Он вдруг развернул ее стул и встал на колени перед ней. Обхватил ладонями ее бедра и уютно улегся щекой на ее колени.
— Таська! — Ее бросило в жар. Так ее звала мама. — Ты самое дорогое, что у меня есть. Я живу только тобой. Я тобой дышу. Как ты думаешь, я могу причинить тебе вред, боль, что-то нехорошее, а? — Она оторопела окончательно. Если он учился по Станиславскому, то она готова аплодировать и кричать ВЕРЮ.
— Ты…. — Она не знала, что говорить. Растерялась. Обычно она решала, кто будет ее любить ближайшие пару месяцев. А тут совершенно очевидно, что взрослые дядьки подумали за нее. — Ты сумасшедший? — Кажется, она догадалась.
— Да! Я сходил по тебе с ума. А потом понял, что только я тебе подхожу, как мужчина. Я сделаю тебя самой счастливой. — Он еще сильнее прижал ее к себе.

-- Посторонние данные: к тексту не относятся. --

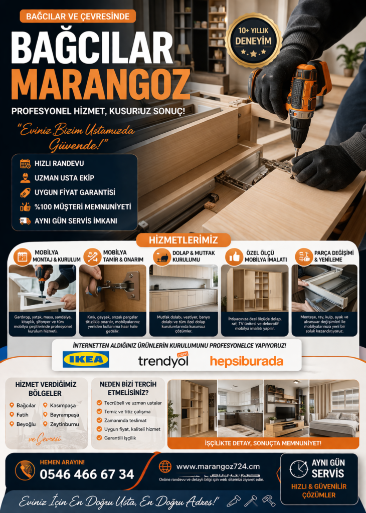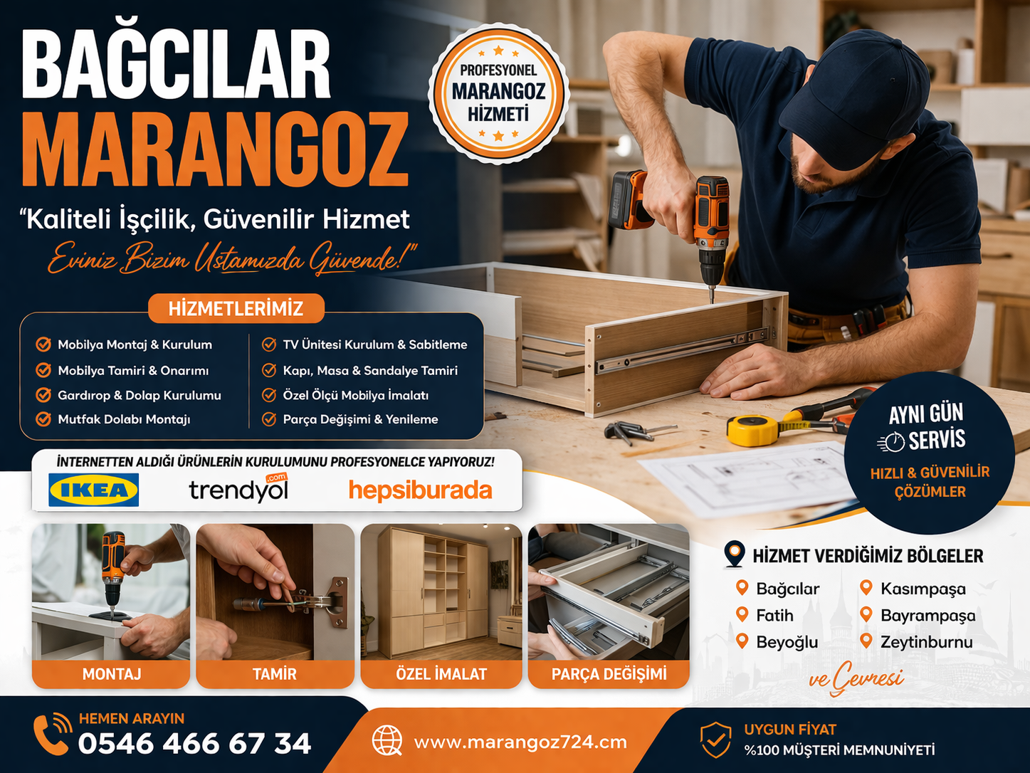 Bağcılar Marangoz Profesyonel Mobilya Montaj, Tamir ve Özel İmalat Hizmetleriİstanbul’un en yoğun ve hareketli bölgelerinden biri olan Bağcılar’da kaliteli, hızlı ve güvenilir marangoz hizmeti bulmak artık çok daha kolay. Bağcılar marangoz hizmetleri kapsamında sunduğumuz profesyonel çözümler ile evinizde, ofisinizde veya iş yerinizde ihtiyaç duyduğunuz tüm mobilya işlemlerini titizlikle gerçekleştiriyoruz. Yılların verdiği tecrübe, müşteri memnuniyeti odaklı çalışma anlayışı ve uygun fiyat politikamız ile Bağcılar ve çevresinde fark yaratıyoruz.

— Твою ж мать… — Она попыталась встать. — Да выпусти ты меня. Господи! Вы с Моисеем два идиота! Я вам игрушка? Кукла? — Она была в бешенстве. Самонадеянные старикашки! Это она! Она вправе брать любого мужчину! А не ее вот так, как вещь — мы решили, я решил. Охренеть!
— Тася… — Он с сожалением выпустил ее. Она рванула в коридор, схватила рюкзак и выскочила, хлопнув дверью. — Да куда ж ты… Телефон хоть возьми!
Она даже не обернулась. Просто бежала, как испуганная лань. Поймала такси и попросила отвезти в банк. Карточки при ней, там куча денег. Сняла наличку. Попросила салон связи. Таксист молча отвез и туда тоже. Купила новый телефон. Новая симкарта, новая жизнь. Хотя… это всего лишь на несколько часов, для выхода в сеть. Надо купить новый билет. но… Куда? Лететь домой небезопасно. Адрес в Питере знают все. Там сейчас наверняка стоит толпа у двери.
В Тбилиси как бы рано. Не больно-то она любила этот город, чтобы просидеть там неделю со всеми концертами. Впрочем… Есть Батуми. Там море. Там тепло. В гостинице вещи, надо бы забрать. Но ехать туда опасно. Наверняка, 2 этих психа уже все собрали. Вот и пусть. А она полетит прям так. И все купит на месте.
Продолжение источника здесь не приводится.